Reshuffling the Outsourcing Deck

Lower costs, better results. There’s the four word outsourcers’ mantra and, inevitably, what this means in tough times is companies are on the prowl for more, for less money, from their outsourcing partners. And that just may mean new geographies emerging as prime locations.

One reality: India remains the hub for most U.S. outsourcing initiatives, said David Etzler, CEO of trade show producer Outsource World. “But most large outsourcers are also now looking beyond India, too.”

Consulting firm Hackett’s Chief Research Officer Michel Janssen elaborates: “India is a proven player” and a sad lesson learned in outsourcing 1.0 was that the lowest priced deal wasn’t always the best. As outsourcing 2.0 matures, said Janssen, companies recognize that bidders low balling India still might not be better. Not when work quality, dependability, and the rest of the criteria get factored in.

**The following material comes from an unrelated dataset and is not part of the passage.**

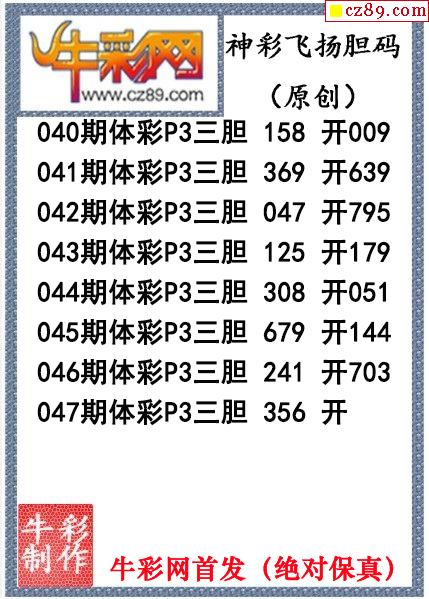 神彩飞扬三胆047期体彩P3图谜(原创)

“With other locations there are risks involved,” said Janssen.

The other reality: so much IT work is about to be outsourced by companies seeking to achieve deep cost savings India won’t be able to handle it and more geographies necessarily will come into play. Hackett estimates that roughly 15% of U.S. IT work is performed offshore. In the drive to cut costs, Hackett sees that percentage gaining by roughly half just in the next two years. “We believe 21% of IT will be globalized within two years,” said Janssen. He adds that a similar gain in outsourced financial sector work―simple accounting, invoicing, collections―is in the offing. “We see finance outsourcing 21 percent of its work within two years, up from 10.5 percent today.”

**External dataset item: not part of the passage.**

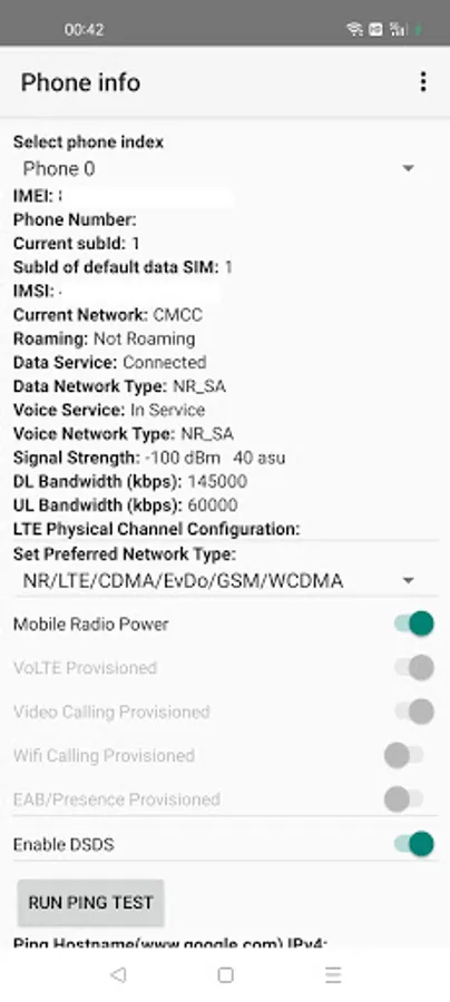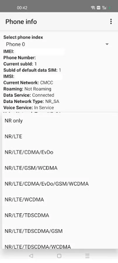 Tap "Phone Info" to enter a hidden setup page. At the bottom of this page, toggle "Set Preferred Network Type".

That dynamic means that, despite the recession, phones are ringing loudly with new orders at leading outsourcers. Then there is the―surprise―non-starter of another locale once thought to be hot. “We just aren’t hearing that much about outsourcing to Eastern Europe these days,” said Etzler, and that is a major change from three-to-five years back when many companies were eye-balling possibilities in Russia, Ukraine, and the Baltic republics. No longer apparently. The experts indicate they don’t know why Eastern Europe has fallen off the outsourcing grid, just that it has.

What about China? Nobody counts China out for IT outsourcing but persistent cultural issues (consider the suicide of a worker in Apple’s iPhone factory in Shenzhen last July) have kept China out of the fast-track for outsourced white collar work.

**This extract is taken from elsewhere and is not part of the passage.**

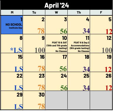 Please pay special attention to next week's schedule (below) which is impacted by the solar eclipse viewing and state-required PSAT/SAT testing. In terms of the cycle 100 day, this is an 8 period day that starts at 8:10 a.m. As for testing, sophomores and juniors test on Wednesday, while freshmen test on Thursday. There are no classes on Wednesday and Thursday due to testing. We do ask students to take these tests seriously as the results are another data point that help us to assess our practices and supports for all students.
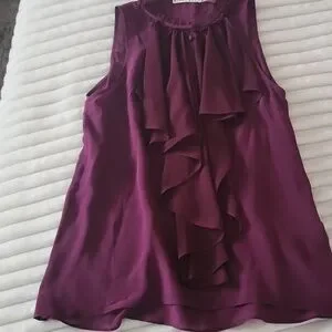 Alice+ Olivia Elisa Bitten Berry High-Neck Ruffle Blouse 100% Silk

Beyond China and Russia, however, just about any other place might be “in” as a world-is-flat search for quality work at the right price is breaking down borders. Consider Bogota, Colombia where, said D. J. Edgerton, CEO of New York-headquartered website development company Zemoga, his team of 80 are building websites for worldclass companies such as Toyota, Sears, and K-Mart. Narco-trafficking is out in Colombia, building a middle class is in. And labor costs for U.S. companies that go to Colombia are remarkably low. Edgerton said money is why the work goes south of the border. “Costs, salaries in particular, are one-third to one-fifth of what we would pay in Manhattan.” He claims he hires first-rate HTML coders at $10,000 per year.

Lower costs also drew Ken Moss, CEO of software developer One Software, to Hanoi in Vietnam, but that was after he’d tried Beijing, looked in India, and contemplated doing the work back in the good ol’ USA. But Hanoi is where Moss now uses 40 people to write the custom apps for One Software’s clients. “It’s deep in the Vietnamese culture to work hard,” he said.